* **DATA**
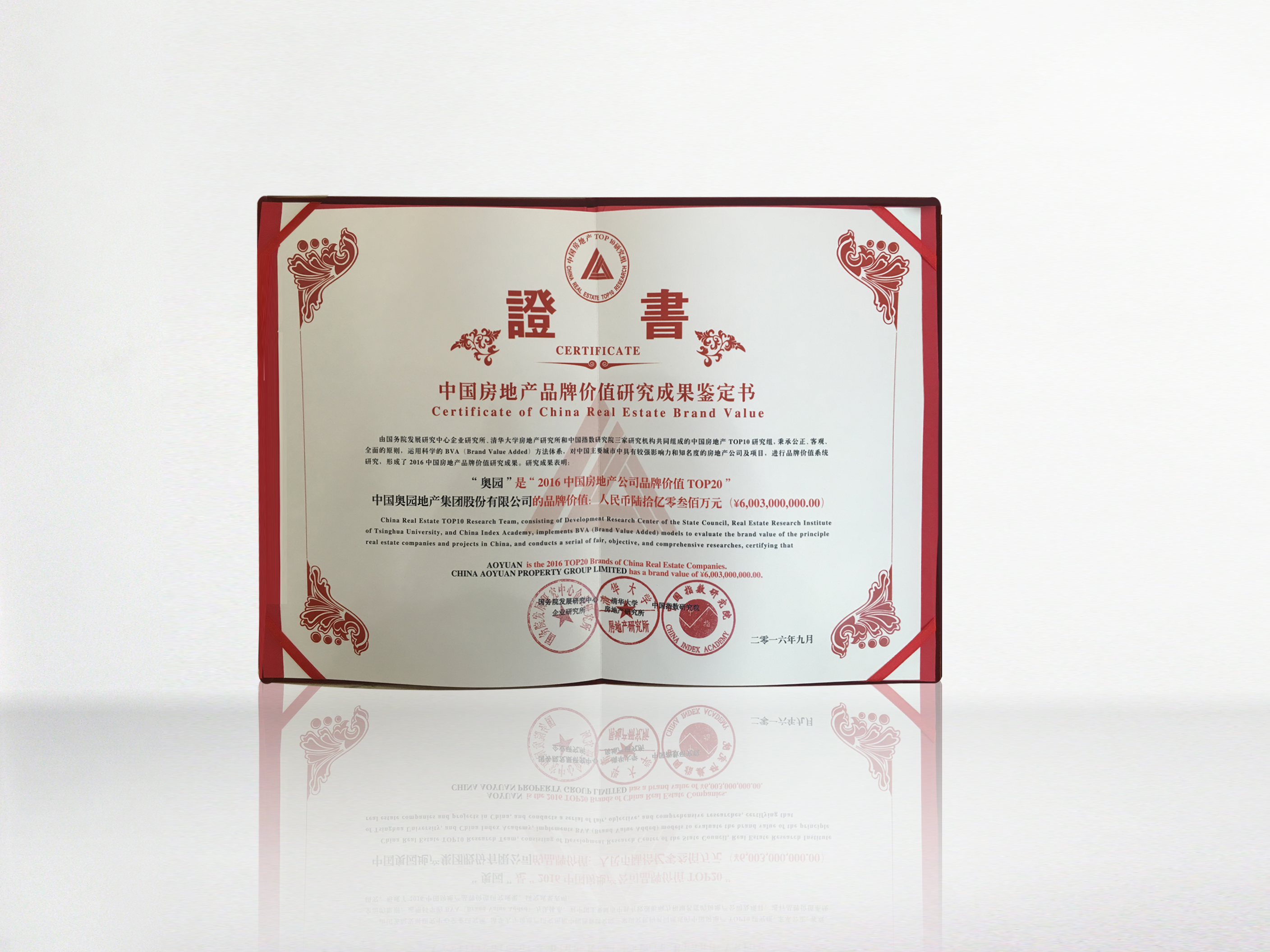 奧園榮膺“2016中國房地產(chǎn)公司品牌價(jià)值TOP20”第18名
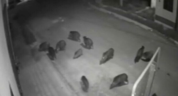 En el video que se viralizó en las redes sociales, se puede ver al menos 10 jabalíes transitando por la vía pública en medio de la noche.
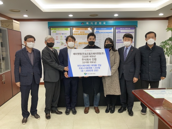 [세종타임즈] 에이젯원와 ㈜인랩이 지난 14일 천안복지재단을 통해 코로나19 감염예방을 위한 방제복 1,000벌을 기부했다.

* **THE PROBLEM**
Set down the data again, exactly, without images.

* **FINAL ANSWER**
 奧園榮膺“2016中國房地產(chǎn)公司品牌價(jià)值TOP20”第18名
 En el video que se viralizó en las redes sociales, se puede ver al menos 10 jabalíes transitando por la vía pública en medio de la noche.
 [세종타임즈] 에이젯원와 ㈜인랩이 지난 14일 천안복지재단을 통해 코로나19 감염예방을 위한 방제복 1,000벌을 기부했다.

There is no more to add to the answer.